In 1795, he obtained a pension of the National Assembly.

These cards cost 25 sols (1786)

- His son Louis Brion de la Tour (1763–1823), a student of Jean-Bernard Restout, was a map and Revolution documents engraver, and was also an occasional portraitist of oil paintings. It is often difficult to attribute what is the work of the father or the son. 29 pluviôse an II (27 February 1794), the Journal de la Montagne announced a picture engraved by Brion, representing the assassination of Marat.
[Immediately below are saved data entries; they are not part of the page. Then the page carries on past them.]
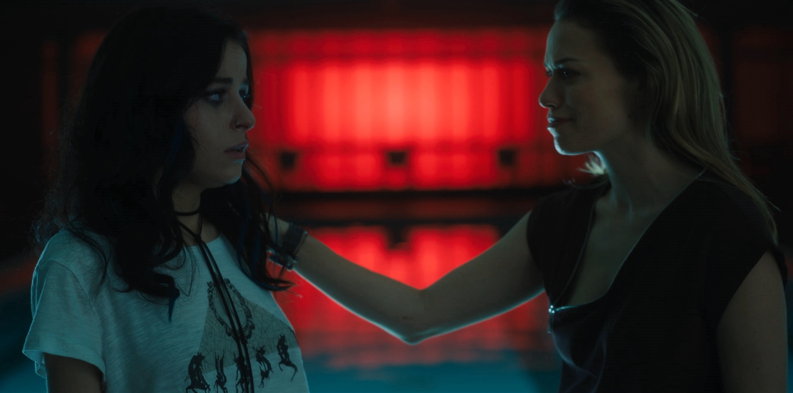 This is also where So Cold the River stumbles into some cringe territory, as Erica tries seducing the man (presumably to lower his guard and uncover more information) in a cheaply written way that doesn’t feel empowering to the character. If anything, her journalistic integrity is repeatedly called into question as one of her fans and assistants (Katie Sarife) looks on in repulsion, witnessing some of her manipulative behavior. At one point, the phrase “never meet your heroes” is said.
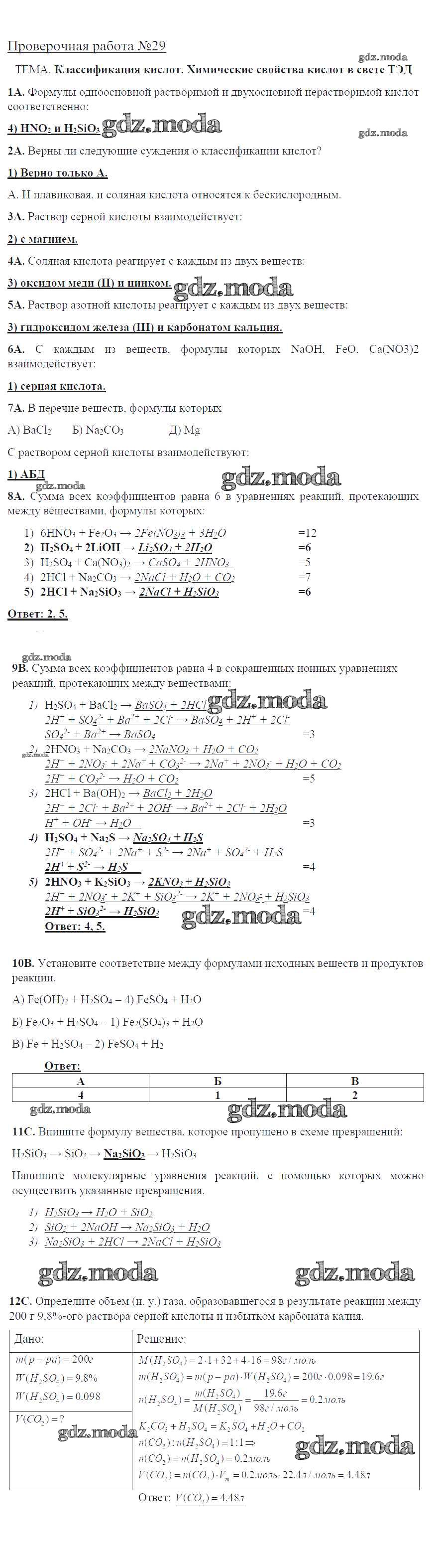 ГДЗ решение к заданию № 29 Химия 8 класс тетрадь для оценки качества знаний Габриелян О.С. Дрофа 2013 ФГОС бесплатно на гдз.мода!
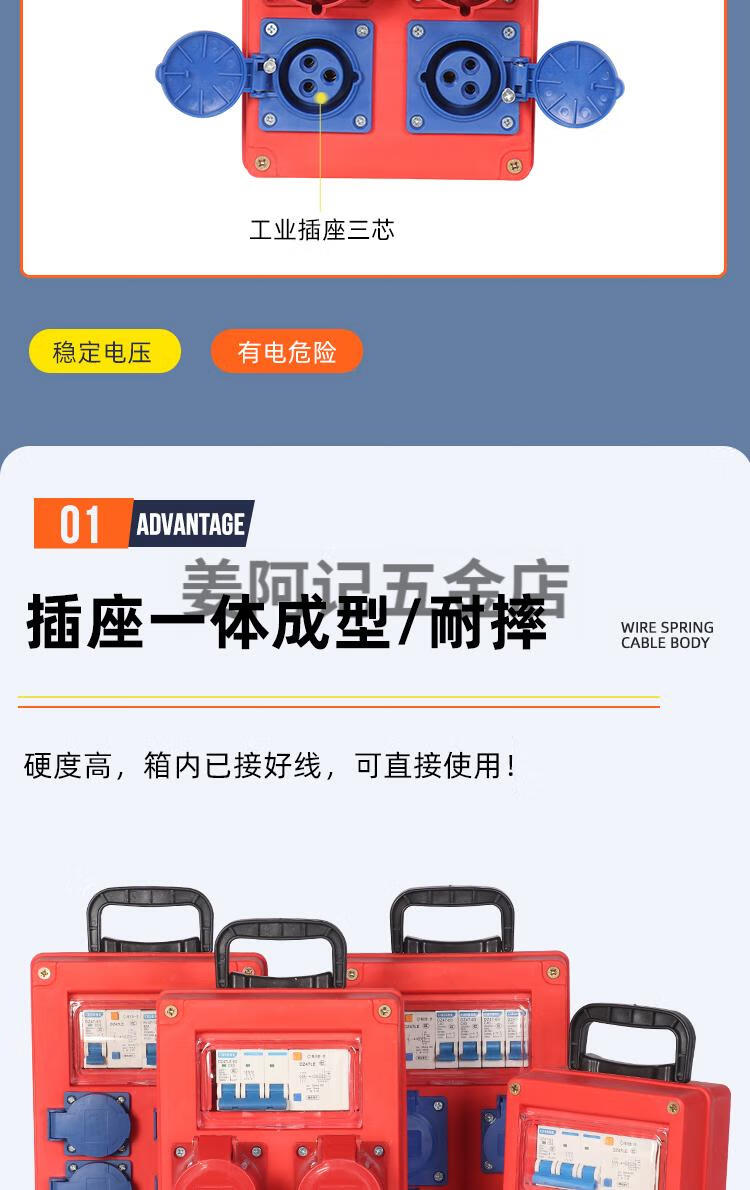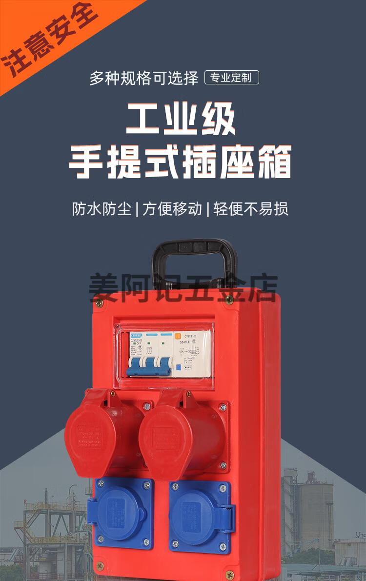 工地临时专用三极配电箱220v380v塑壳防水防爆插座手提式移动电箱 大方体__双漏保三相两位防爆手提
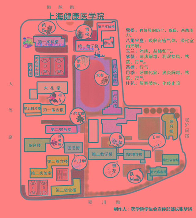 为让新生更早更清楚地了解校园,新葡的京集团8814检测站学生会干部制作药学特色地图,即地图上不仅有报道、住宿、开班会的教学楼,更有中药植物与作用、中药实训室、药剂实训室等标示,让药学新生在课余时间可以参照新葡的京集团8814检测站特色地图来认识校园、认识药用植物,从生活中对专业产生浓厚兴趣。
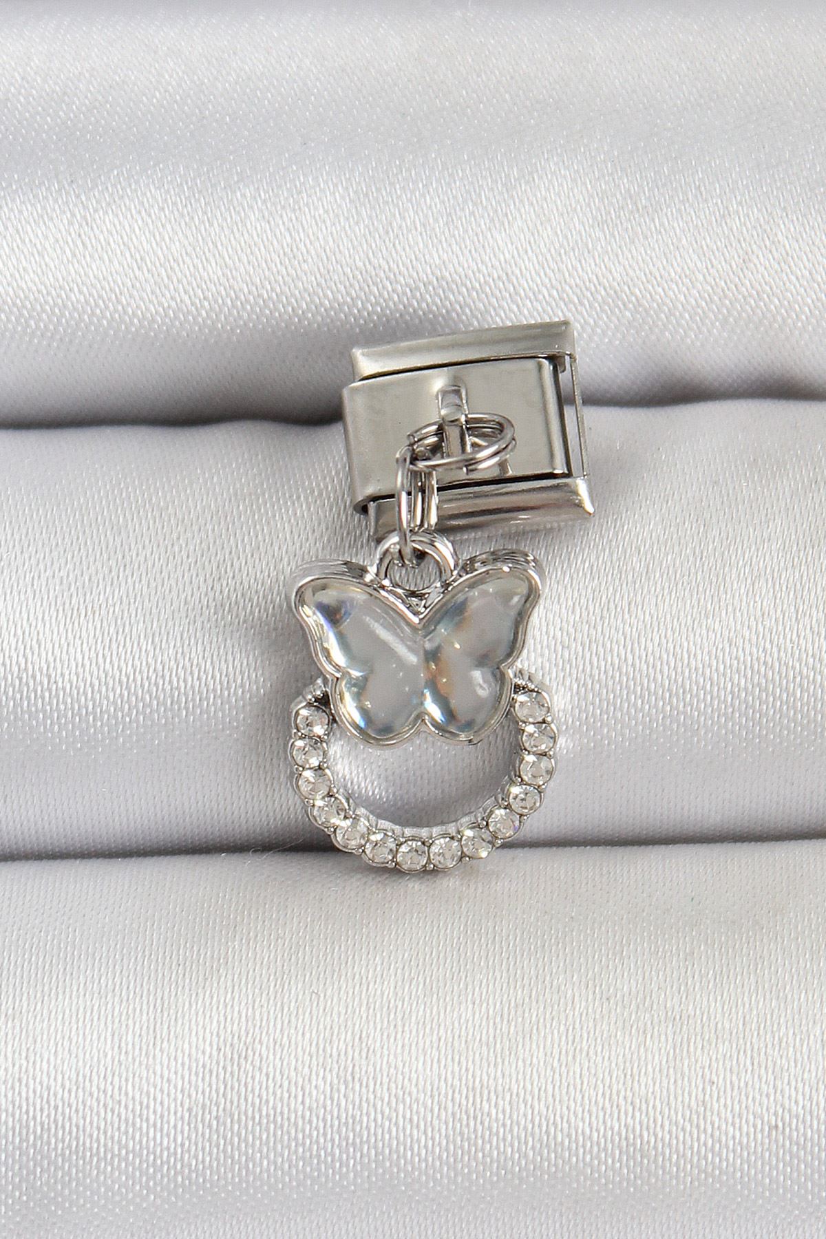 316L Çelik Gümüş Renk Taşlı Kelebek Model Nomination Charm - TJ-BC1504
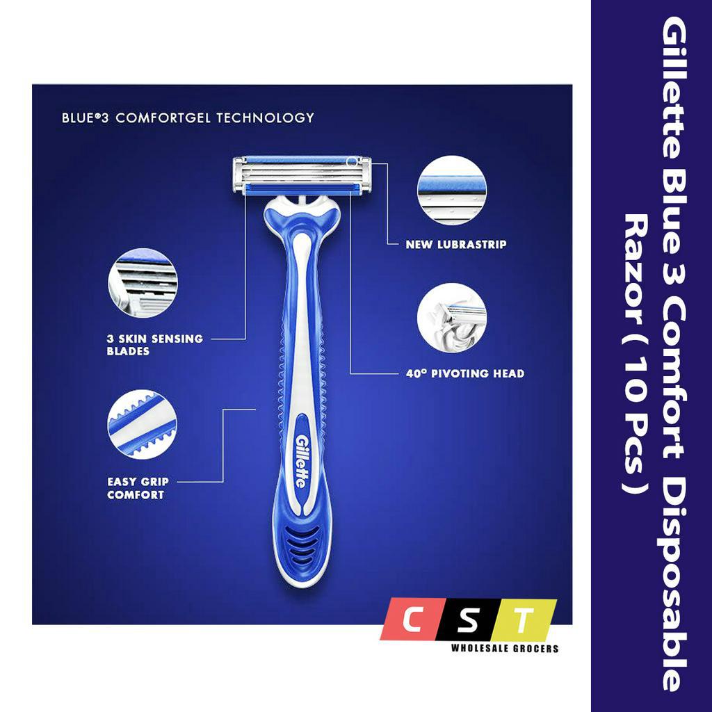 Gillette Blue 3 III Sensitive Skin 3 Blades Disposable Razors (10pcs)

Brion de la Tour son was the author of portraits of Louis XVI and Marie-Antoinette and the series of the necklace.

== Publications ==
- 1765: Tableau périodique du monde ou Géographie raisonnée et critique.
- 1766: Atlas général, civil et ecclésiastique.
- 1766: Errata de l'Atlas moderne, ou Appel au public de l'accusation de plagiat intentée par le Sieur (Lattré) contre M. Brion, ingénieur-géographe du Roi (par L. Brion de la Tour).
- 1767: La France considérée sous tous les principaux points de vue qui forment le tableau géographique et politique de ce royaume, in-fol.
- 1771: Le Journal du monde ou Géographie historique.
- Plan de Paris (1783,1784,1785, 1787) fait grâce aux relevés fait par Edme Verniquet pour son grand Atlas de Paris.
- undated (1786?) Almanach intéressant dans les circonstances présentes; description abrégée des États-Unis de l'Amérique, des possessions Anglaises, et des pays qui y son contigus, dans les Indes Orientales.
- 1788: Du partage de la peau de l'ours ou Lettres à l'auteur du Rêve politique sur le partage de F Empire ottoman et à l’auteur des considérations sur la guerre actuelle des Turcs par M. B. D. T. Belgrade et Paris.
- 1789: Tableau de la population de la France.
- 1789: Coup d'œil général sur la France.
- 1790: Résultats par approximation des nombreuses recherches de la population des généralités de la France et des villes principales.
- 1792: Voyage dans les départements de la France Voyage, text written by Joseph Lavallée and drawings by L. Brion fils.
- 1795: Description générale de l'Europe, de l'Asie, de l'Afrique et de l'Amérique.
- 1796: Description géographique de l'empire d'Allemagne, son état dans le moyen âge et l'âge moderne, avec 12 cartes.
- 1800: Mappemonde philosophique et politique.
- 1802: Voyage dans la ci-devant Belgique et sur la rive gauche du Rhin... par J.-B.-J. Breton, pour la partie du texte, Louis Brion, pour la partie du dessin, et Louis Brion père, pour la partie géographique..
- 1803: Atlas géographique et statistique de la France divisée en 108 départements.
- 1803: Voyage en Piémont, contenant la description topographique et pittoresque, la statistique et l'histoire des six départements réunis à la France par le sénatus-consulte de l'an XI.
- 1809: Réplique de L. Brion de La Tour à un libelle anonyme intitulé : Appréciation de sa diatribe (prétendue), c'est-à-dire de ses Observations curieuses et utiles avant et après l'acquisition de l'Atlas historique de M. Le Sage, ou baron de Las Casas, etc.